Lipopolysaccharides and TLR4 as Targets of Immune Modulation
Varying LPS structures may be used as a means by which Gram-negative bacteria control host immune status. Therefore, engineering LPS structure and chemical properties can be used as a strategy for development of novel immune-regulation agents. For example, controlling the acylation and phosphorylation status of lipid A may be considered. The position of phosphate group on lipid A may change the potency of LPS (Coats et al., 2009; Coats et al., 2011). On the other hand, lipid A without phosphate group due to alkaline phosphatase activity produced from host can even lead to formation of the non-immunostimulatory LPS, as illustrated by the Eurypmna scolopes-Vibrio fischeri symbiotic association (Rader et al., 2012). Another example is the lipid A of P-LPS of V. fischeri in which heterogeneous mixtures of mono- and diphosphorylated disaccharides, with variable acylation situations from tetra- to octaacylated were identified. These uncommon phosphoglycerol entity and carbohydrate compositions of lipid A may modulate the close interaction between V. fischeri and E. scolopes during symbiotic development (Phillips et al., 2011; Post et al., 2012), where imbalanced bacteria-host immune response is prevented.

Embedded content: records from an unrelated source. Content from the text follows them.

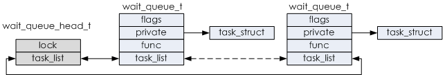 - task_list用作一个链表元素,将wait_queue_t实例放置到等待队列中。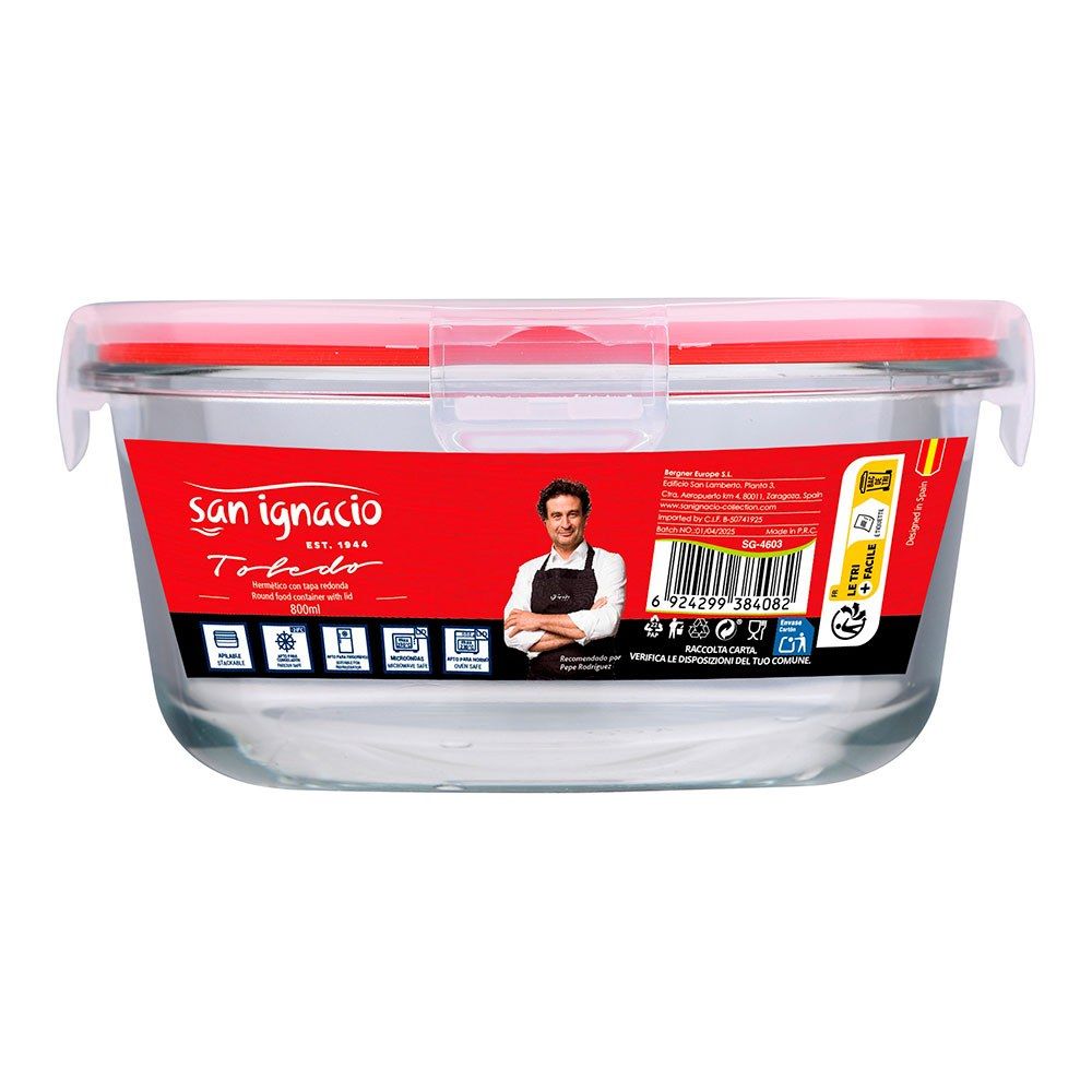 Fiambrera Hermética De Vidrio De Borosilicato Redonda, Serie Toledo, Tapa De Pp Transparente Y Silicona De Color Rojo, Con 4 Cierres. Apilable, Apta Para Congelador, Frigorífico Y Lavavajillas, Apta Sin La Tapa Para Microondas Y Horno, 800 Ml, Ø16 X 8 Cm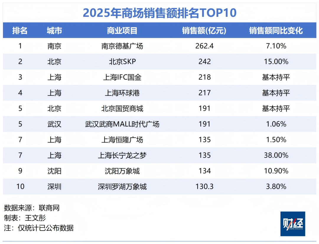 从联商网数据来看,2025年前十大商场中,第三名到第七名的全年销售额比2024年略高或持平,这与奢侈品销售疲软的大环境不无关联。
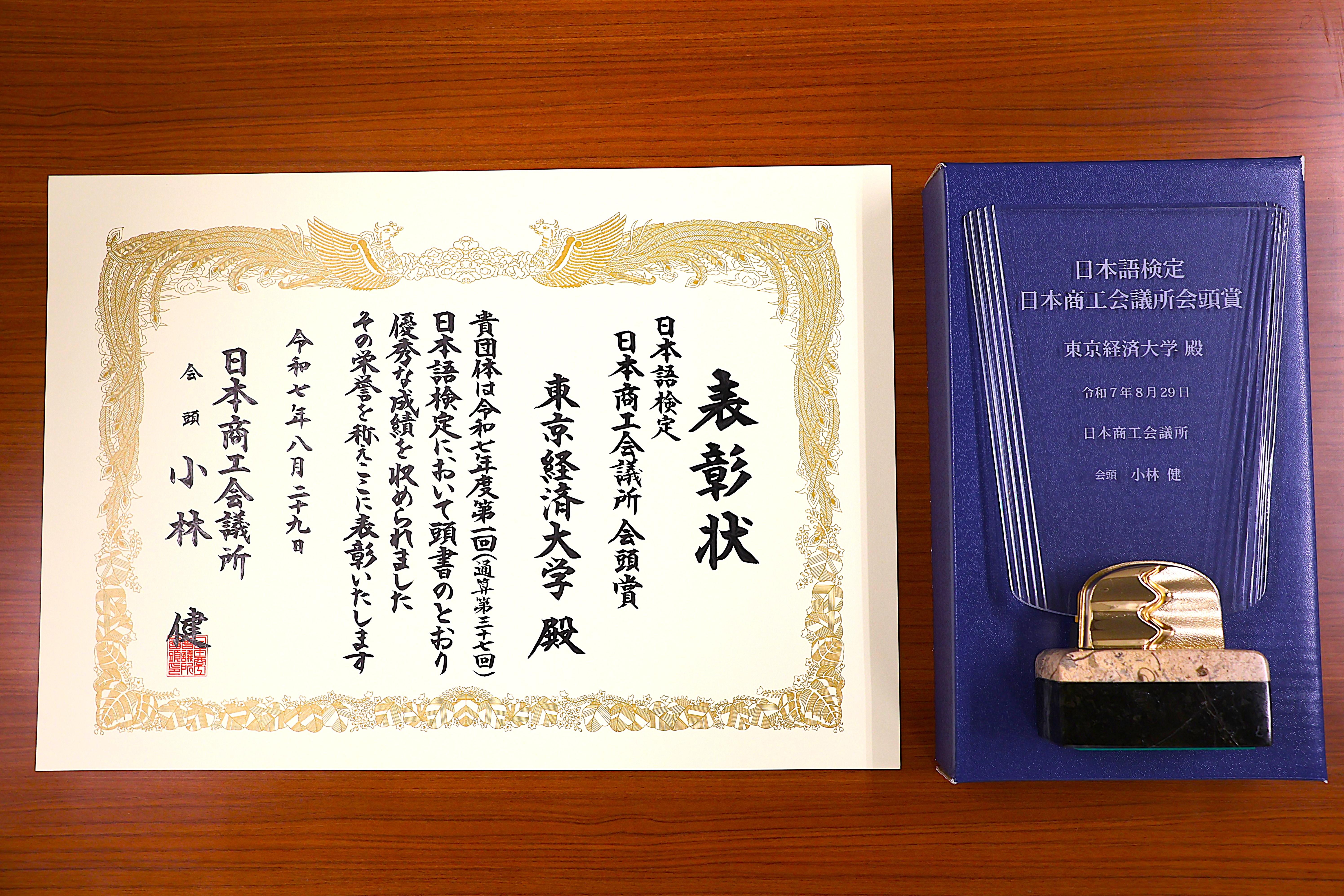 東京経済大学は、令和7年度第1回日本語検定で、日本商工会議所 会頭賞を受賞しました。
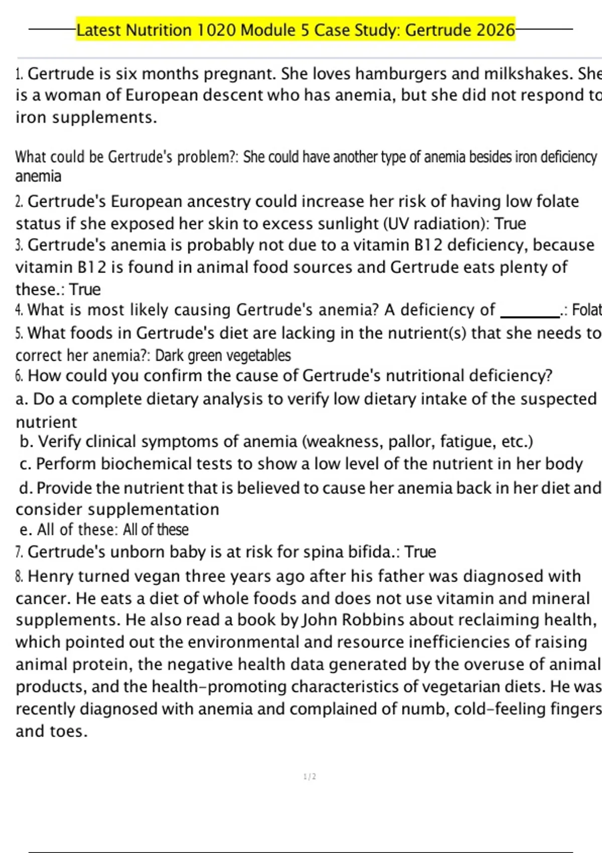 1. Gertrude is six months pregnant. She loves hamburgers and milkshakes. She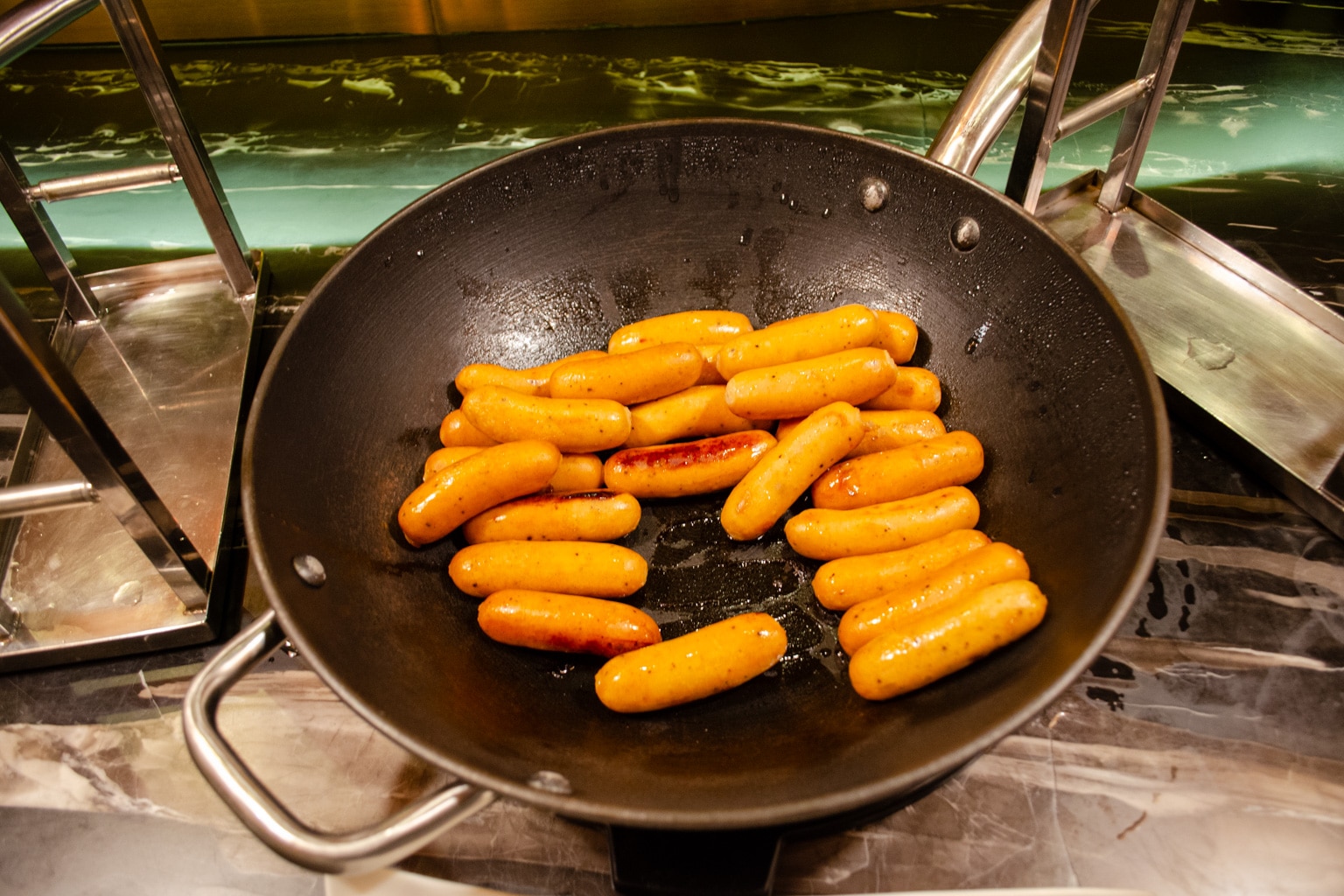 The restaurant features cuisine from across the world, with plenty of variety to appease a wide range of guests. There’s a particular focus on seafood for the dinner service, which is when crab legs are available from the buffet.

Another example of application by lipid A modification is the mono-phosphorylated lipid A species (MPL) which is less toxic compared to conventional lipid A, and is the first vaccine adjuvant approved by the Food and Drug Administration (FDA) in more than 70 years (Needham et al., 2013). In contrast to the wild-type E. coli LPS which mainly acts on TLR4-MyD88 signaling, MPL preferentially effects through TRIF which is less inflammatory (Needham et al., 2013). On top of these, addition of aminoarabinose residues onto lipid A of Burkholderia cenocepacia P-LPS enhanced binding efficacy of lipid A to TLR4-MD-2 complex. This might initiate strong activation, despite the lipid A moiety having only five acyl chains (Di Lorenzo et al., 2015). The engineering of lipid A of P-LPS in a human pathogen B. pertussis for better control of P-LPS-TLR4 activity is also described. Glucosamine is added into lipid A moiety, leading to promote TLR4 activation in human macrophages. In parallel, site-directed mutagenesis together with a NF-κB reporter assay are also used to screen TLR4 and MD-2 mutants with changed amino acid residues that change species-specific responses. Results indicate that some uncharged amino acids in both TLR4 and MD-2 are involved in recognition of penta-acylated B. pertussis lipid A (Maeshima et al., 2015). These amino acids may be considered as research targets for optimizing P-LPS-TLR4 interaction and activation activity.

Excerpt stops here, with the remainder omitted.